**About this task**
Each record below should be output verbatim, without pictures.

**Extracted data entries**
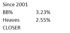 Much closer, pitchers walking are 10.4 times less likely than a strikeout but not high enough to be compared to made heaves. That’s even if we took out all two of the intentional walks by Chris Hatcher and Brooks Kieschnick. Kevin Jarvis is the current leader in walk rate at 9.6 percent.
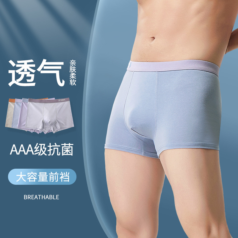 Y猫人120支冰丝男士内裤桑蚕丝抑菌夏季透气无痕平角裤头四角短裤
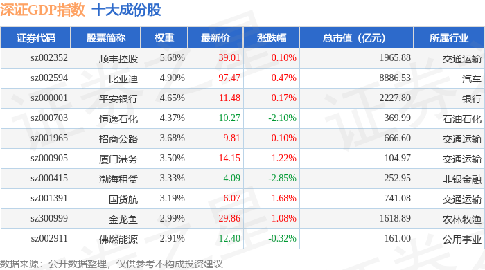 深证GDP(399648)指数十大成份股详情如下:
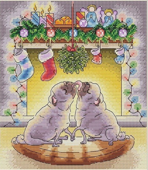 "Поцелуй под омелой". Размер 104х120 крестиков, 42 цвета ДМС (10 блендов).
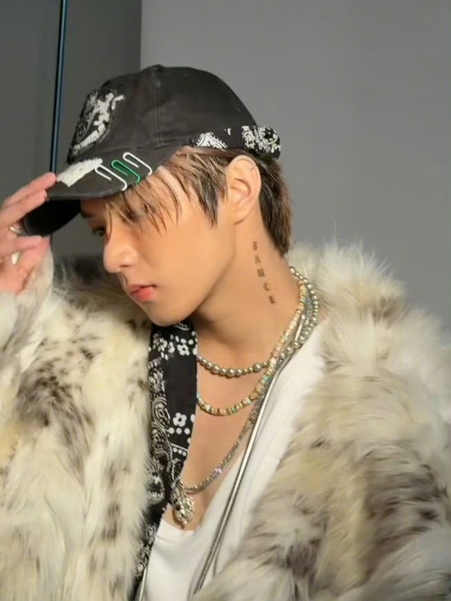 刘耀文 'SAUCE' MV 16套造型里最华丽混搭的一套,皮草外套、水钻手套、叠戴项链、棒球帽… 各种单品组合,拽拽的酷帅型格。📸📸📸
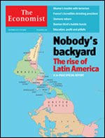 Mientras, el gran órgano de prensa de liberalismo mundial, la revista The Economist, publicó en su última portada un mapa de América con el sur hacia arriba, junto al título: «El patio trasero de nadie. El ascenso de América Latina».
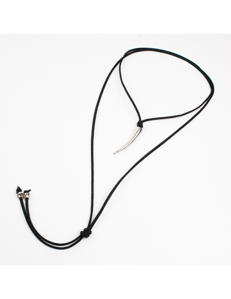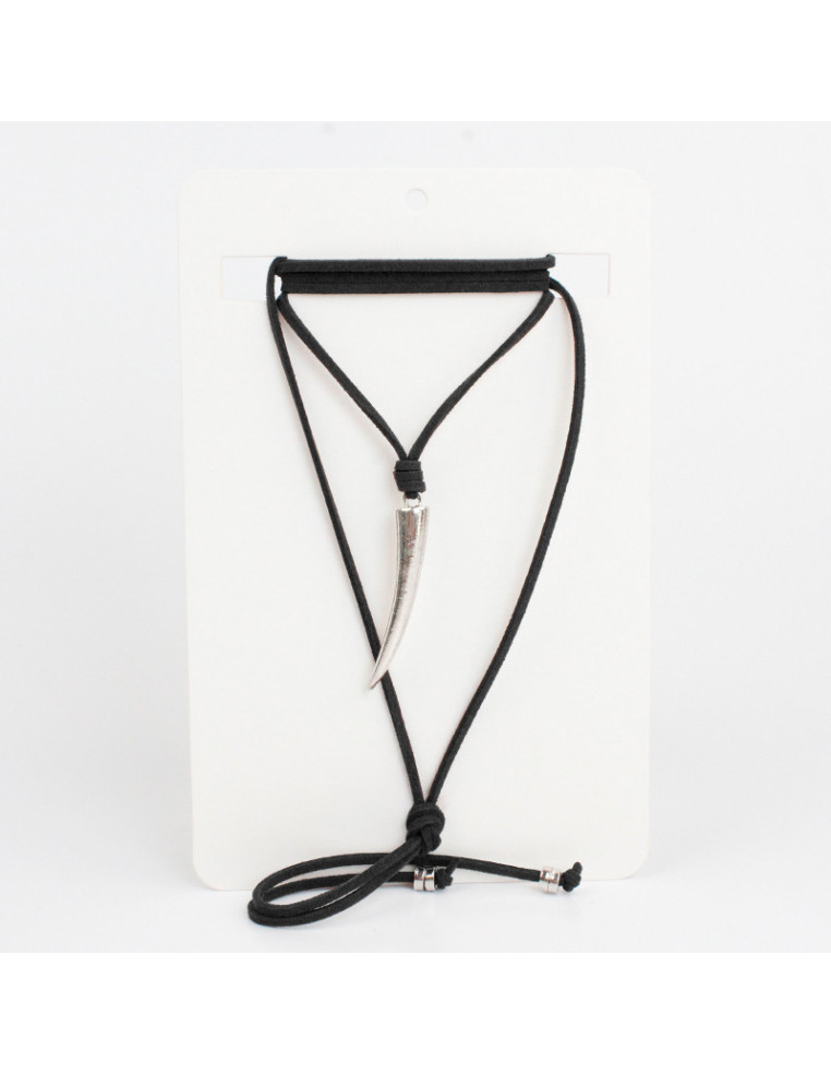 Collar de gamuza de múltiples vueltas, con dije de fundición con forma de colmillo y terminales en punteras.

**Result for this exercise**
 Much closer, pitchers walking are 10.4 times less likely than a strikeout but not high enough to be compared to made heaves. That’s even if we took out all two of the intentional walks by Chris Hatcher and Brooks Kieschnick. Kevin Jarvis is the current leader in walk rate at 9.6 percent.
 Y猫人120支冰丝男士内裤桑蚕丝抑菌夏季透气无痕平角裤头四角短裤
 深证GDP(399648)指数十大成份股详情如下:
 "Поцелуй под омелой". Размер 104х120 крестиков, 42 цвета ДМС (10 блендов).
 刘耀文 'SAUCE' MV 16套造型里最华丽混搭的一套,皮草外套、水钻手套、叠戴项链、棒球帽… 各种单品组合,拽拽的酷帅型格。📸📸📸
 Mientras, el gran órgano de prensa de liberalismo mundial, la revista The Economist, publicó en su última portada un mapa de América con el sur hacia arriba, junto al título: «El patio trasero de nadie. El ascenso de América Latina».
 Collar de gamuza de múltiples vueltas, con dije de fundición con forma de colmillo y terminales en punteras.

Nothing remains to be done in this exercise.